УДК 94(474.3)"1941/45" ББК 63.3(4Лат)622 С 37
Владимир Симиндей
[EVARTS Е., PAVLOVlCS ^ !КО!ЕМДБ 07ТУЕ ЬДТУиА МДС!БТ!БКАБ УАС^ДБ ОКиРАСиДБ ЬД!КА. 1941-1945.
RÍGA: 21МАТЫЕ, 2016. 368 LPP.]
.............................
АННОТАЦИЯ
В фокусе внимания авторов рецензируемой книги — повседневность нацистской оккупации Латвии, вопросы существования и выживания большей части населения, которая не рисковала подвергнуться уничтожению по этническому или социально-политическому принципу, но испытывала определенные трудности в быту и в коммуникации с германскими оккупантами, нараставшие к концу войны.
КЛЮЧЕВЫЕ СЛОВА
Вторая мировая война; Латвия; Германия; нацистская оккупация.
КНИЖНАЯ ПОЛКА изданий, посвященных истории повседневной жизни на захваченных нацистами территориях, пополнилась опубликованной в Риге на латышском языке в издательстве «ДтаШе» («Наука») монографией двух уже знакомых читателям «Журнала российских и восточноевропейских исторических исследований» латвийских историков — Эдвинса Эвартса и Юриса Павловичса1.

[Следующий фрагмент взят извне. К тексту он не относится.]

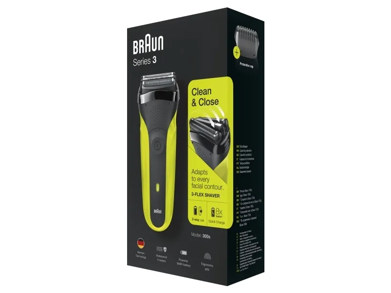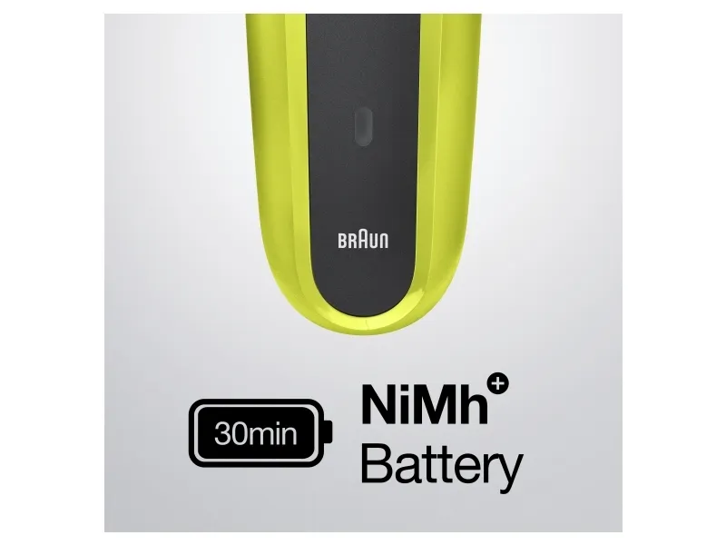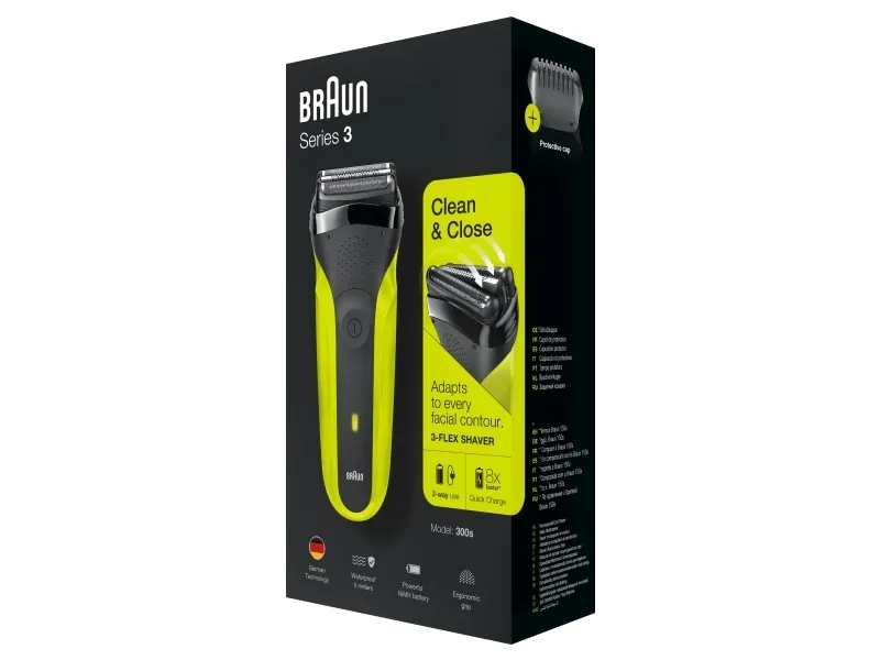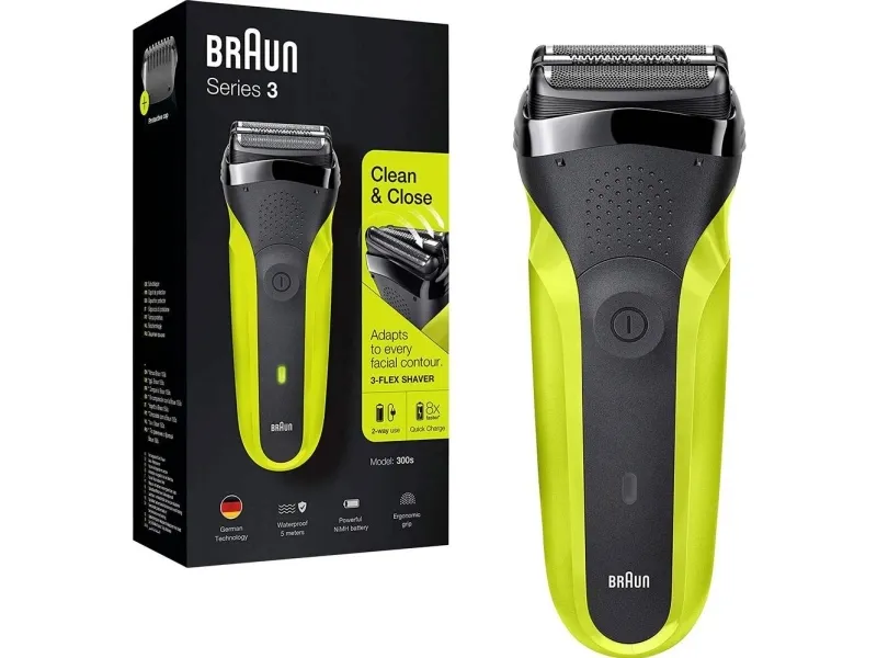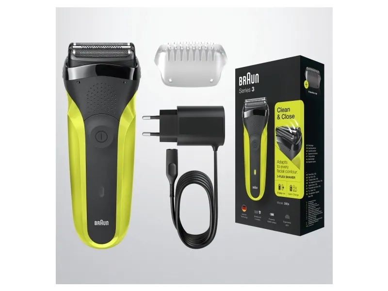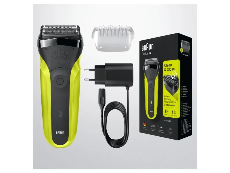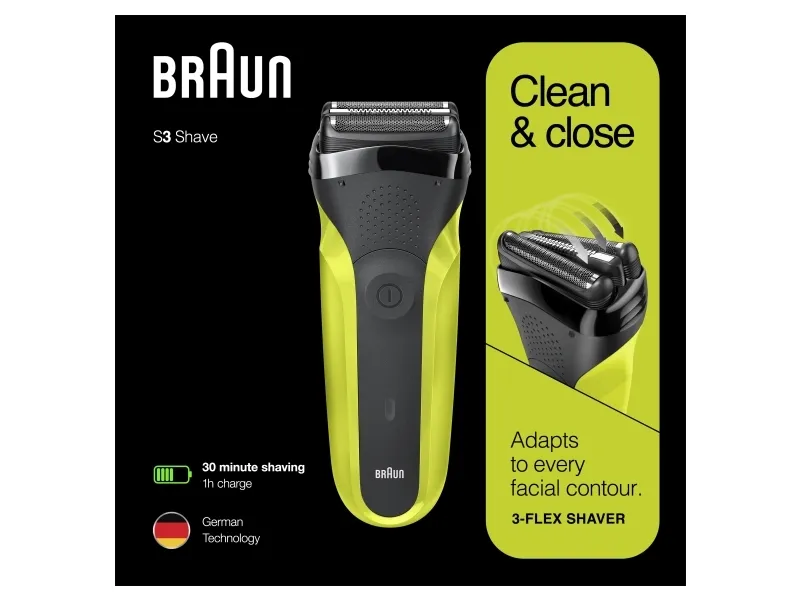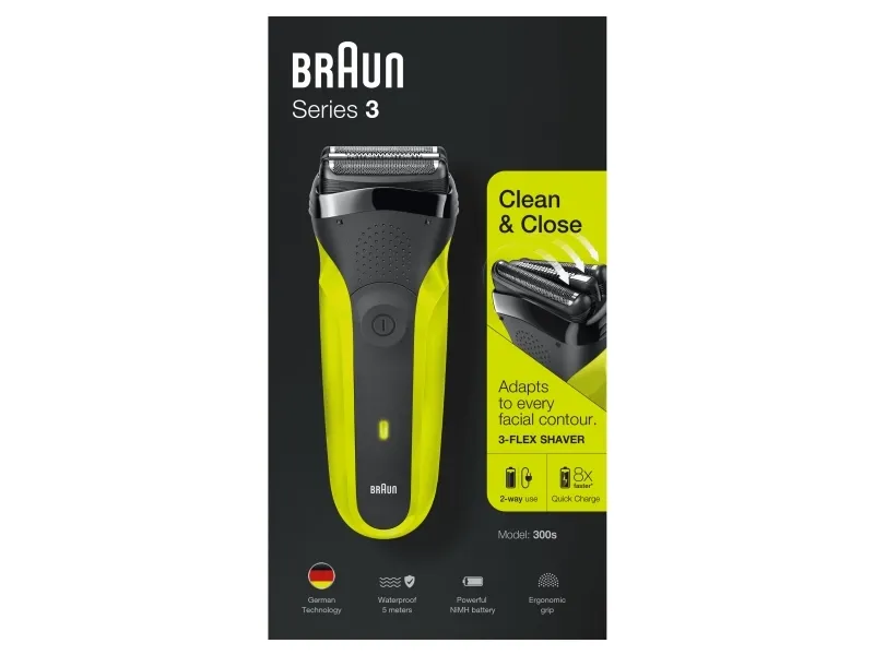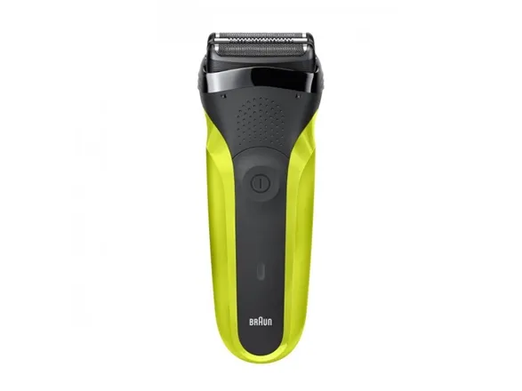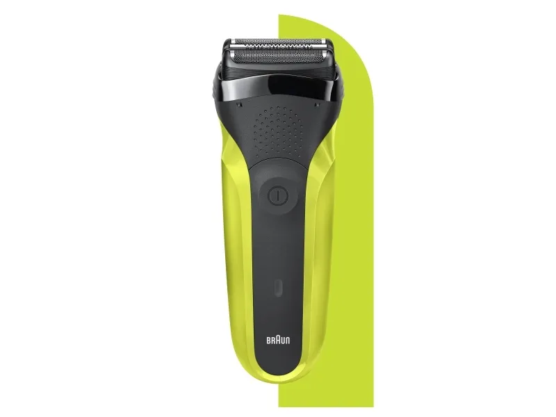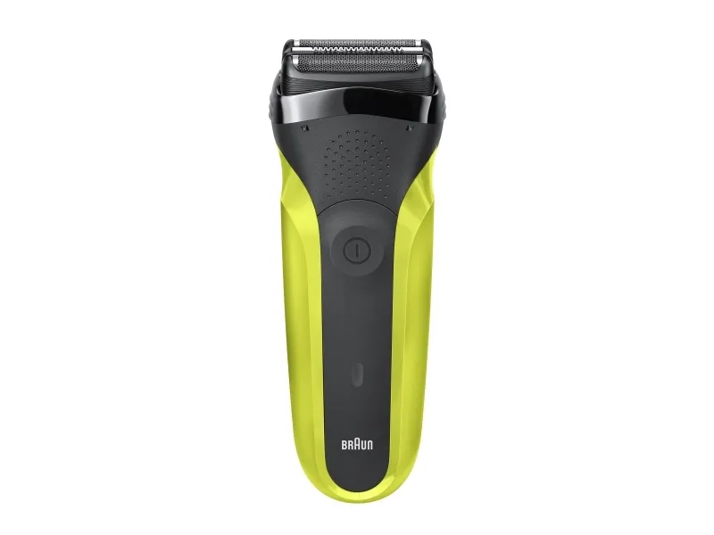 Braun Series 3 300 Electric Shaver, Razor for Men, Black/Volt Green. Shaver system: Foil shaver, Control type: Buttons. Product colour: Black, Green, Display type: LED, LED indicators: Charging, Power. Power source: AC/Battery, Battery technology: Nickel-Metal Hydride (NiMH), Battery type: Built-in battery. Weight: 326 g, Battery weight: 22 g. Package type: Box, Package width: 56 mm, Package depth: 111 mm

Содержательно монография «Повседневная жизнь в Латвии во время оккупации нацистской Германией. 1941-1945» поделена на шесть частей, включает в себя также введение, заключение, приложение, список источников и литературы, аннотации на немецком и английском языках. В первом разделе дан обзор источниковой базы, представлен анализ латышскоязычной (включая советскую, эмигрантскую и современную) и зарубежной историографии по тематике исследования. Дефиниции и методологические характеристики понятий «повседневная жизнь» и «история повседневной жизни»
также нашли свое отражение в данном разделе (с. 28-49), однако именно эти аспекты в работе Э. Эвартса и Ю. Павловичса вызвали критику у их латвийского коллеги Каспарса Зеллиса, выступившего с полемически заостренной минирецензией. В ней авторы книги, в частности, упрекаются в том, что ее содержание не укладывается ни в одну из устоявшихся исследовательских парадигм (Фернана Броделя или Мишеля де Серто), а сам текст представляет из себя скорее эссе на разные темы2. При этом, на наш взгляд, несколько расширительный (и в этом смысле небесспорный) подход авторов к определению предмета исследования, однако, вовсе не то же самое, что пытается вменить К. Зеллис: авторы-де вовсе не выделили объект исследования3.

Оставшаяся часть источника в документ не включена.